Можно бы оценить эту ситуацию как краткосрочную, используемую разрушителями и агрессивными силами с явно выраженной националистической и расистской предрасположенностью. Но такая оценка все же недостаточна. Ею едва ли удастся объяснить масштаб и пафос убийства, вырвавшегося в нашем веке на планетарный простор: всеобщего преступления, решающий мотив которого оно обретает внутри самого себя, превращаясь из «инструмента» истории в причину собственных непосредственных причин.

5. Панубийство — из недр человека. Это освобождение его от избирательной свободы и избирательной гибели — высоких завоеваний истории. Это и истребительное равенство, сокрушающее продуктивное неравенство цивилизаций «всеобщего эквивалента». Шло к этому — веками и десятилетиями, но все–таки не фатально, а в силу скрещения обстоятельств с неодинаковой родословной.

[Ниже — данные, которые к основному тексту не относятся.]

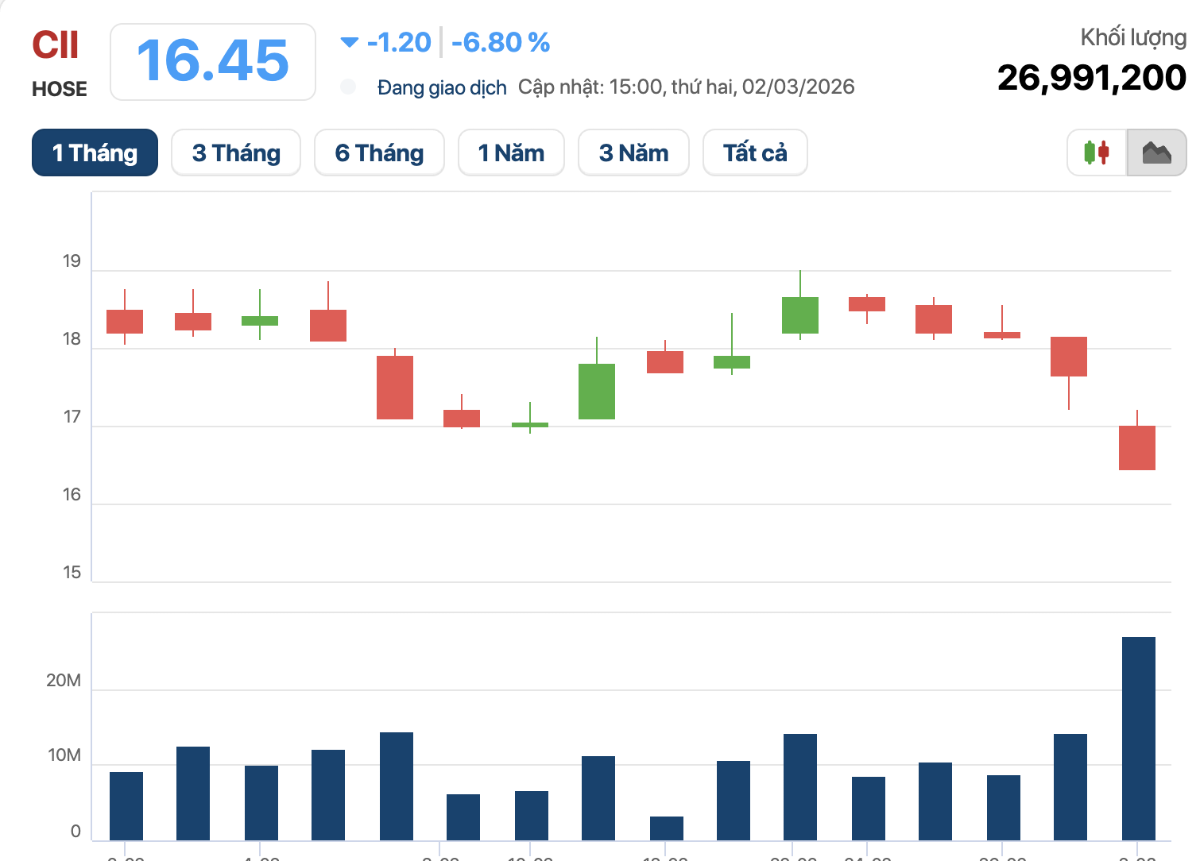 Cổ phiếu CII giảm sàn trong phiên 2/3.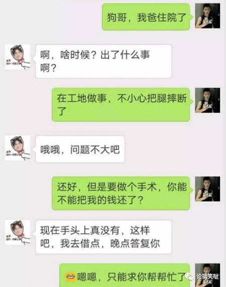 嘟嘟的搞笑聊天记录:老爸:儿啊,你饿不? 我:饿 老爸:那你起床给咱买饭去。 我:。。。。。 无奈去买了。 次日。。。 老爸:儿啊,你饿不? 我:想了想,不饿 老爸:那爸饿了,你给爸买饭去。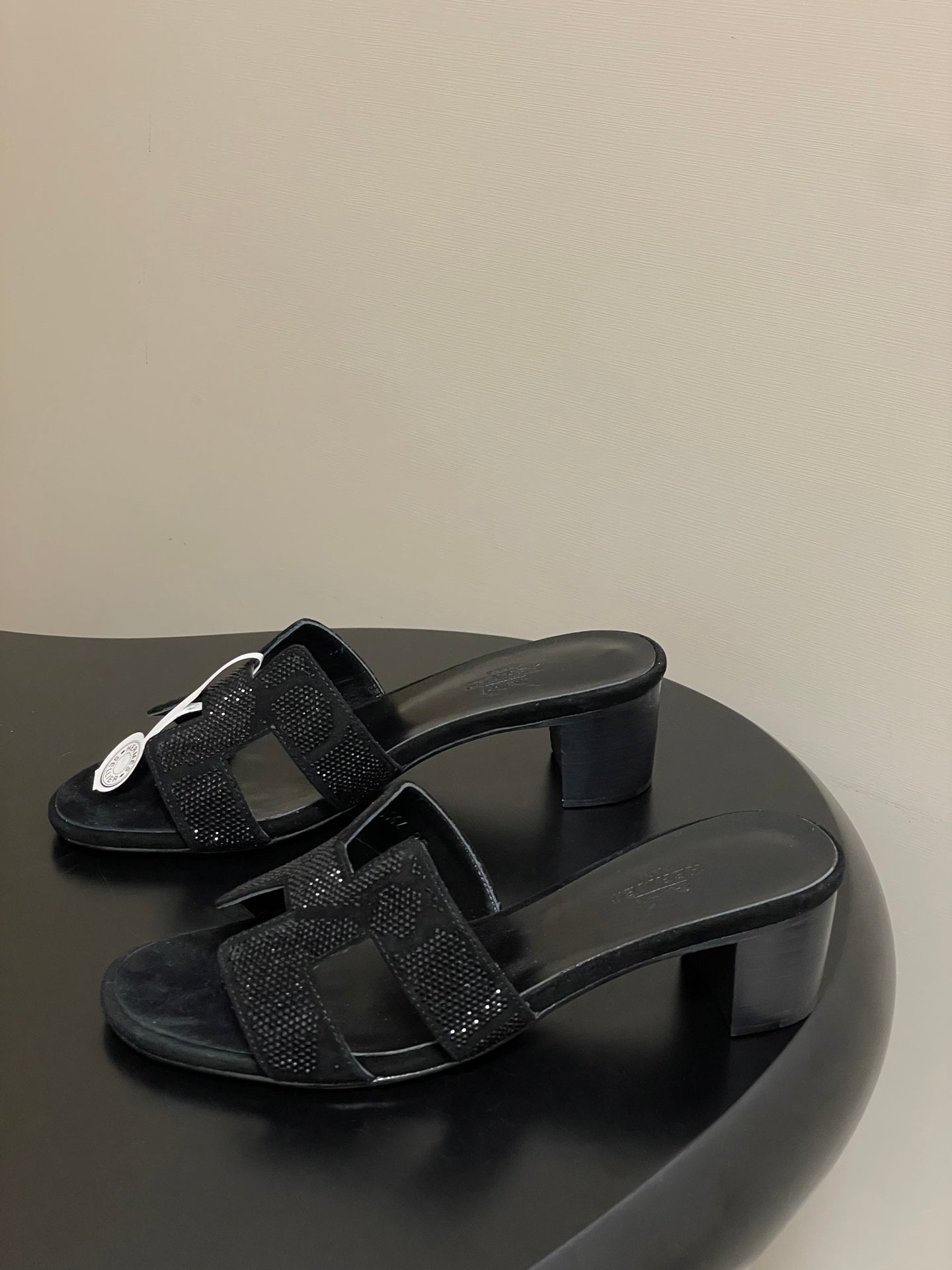 HM 25S ORAN HIGH‑HEEL SANDAL 50 MM IN BLACK LAMBSKIN WITH STONE DETAILS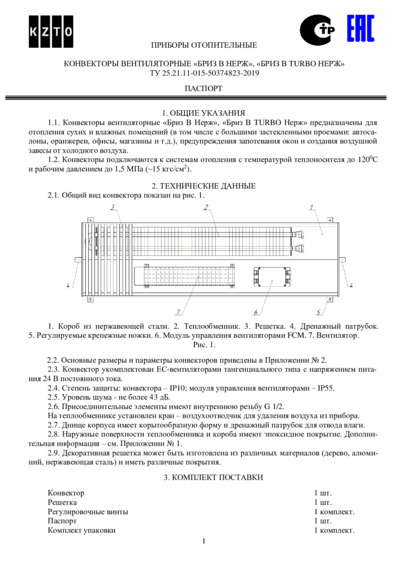 Паспорт конвекторы Бриз В НЕРЖ, Бриз В TURBO НЕРЖ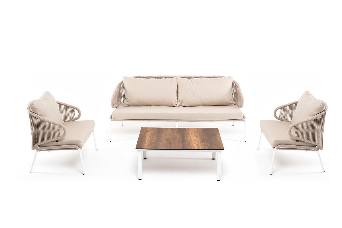 Лаунж зона 4SIS "Милан" лаунж-зона 5-местная плетеная из роупа (веревки), каркас алюминиевый белый, роуп бежевый арт. MILS3C2TJ-4-SET biege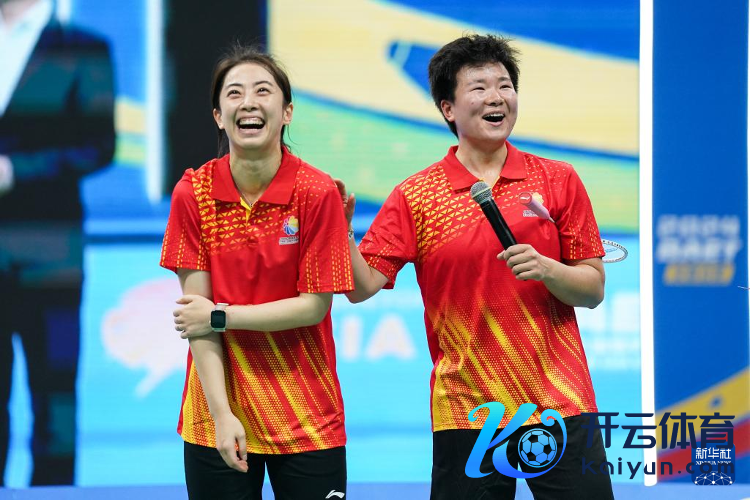 12月15日,王适娴(左)、何冰娇在明星挑战赛后接管采访。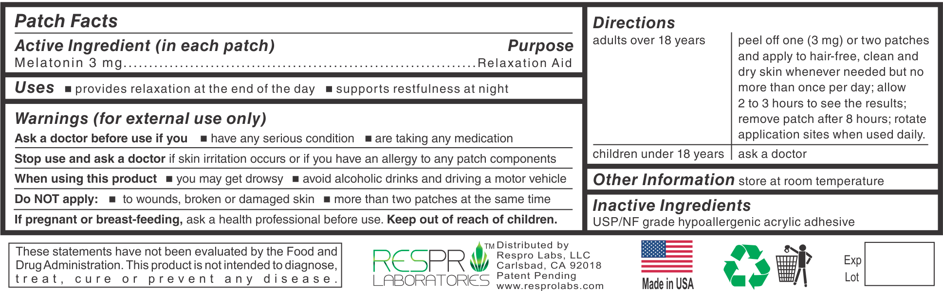 - Respro Labs patches are made with an advanced natural melatonin formula using effective, natural ingredients specially formulated for superior performance.

Экономический кризис и социальное отчаяние 1930–х застали мир «развитых» неподготовленным, требуя того или иного ухода от классической частной собственности и государства в роли ее «ночного сторожа». Фашизм опередил в этом отношении европейскую демократию. Духовный плагиат, совершенный им, как и его идеологическая эклектика, парадоксальным образом содержали мнимый и тем не менее действенный ответ на проблемы, еще не вышедшие из своей «вопросительной» фазы. К их числу принадлежит, в частности и в особенности, снятие оков с быстротечной самореализации «униженных и оскорбленных» — за счет переворачивания социальной пирамиды и взрывного отказа от разноликого и аритмичного Мира. Существенно, что катаклизм, потрясший Запад, совпал со взломом традиционных связей в недрах крестьянской и многоэтнической России, создав тем самым «антропологическую» основу сталинской системы, также упредившей позыв к гражданскому миру внутри и вовне. Даже если представить, что это совпадение первоначально носило чисто календарный характер, оно — в ближние сроки — превратилось в двуединство.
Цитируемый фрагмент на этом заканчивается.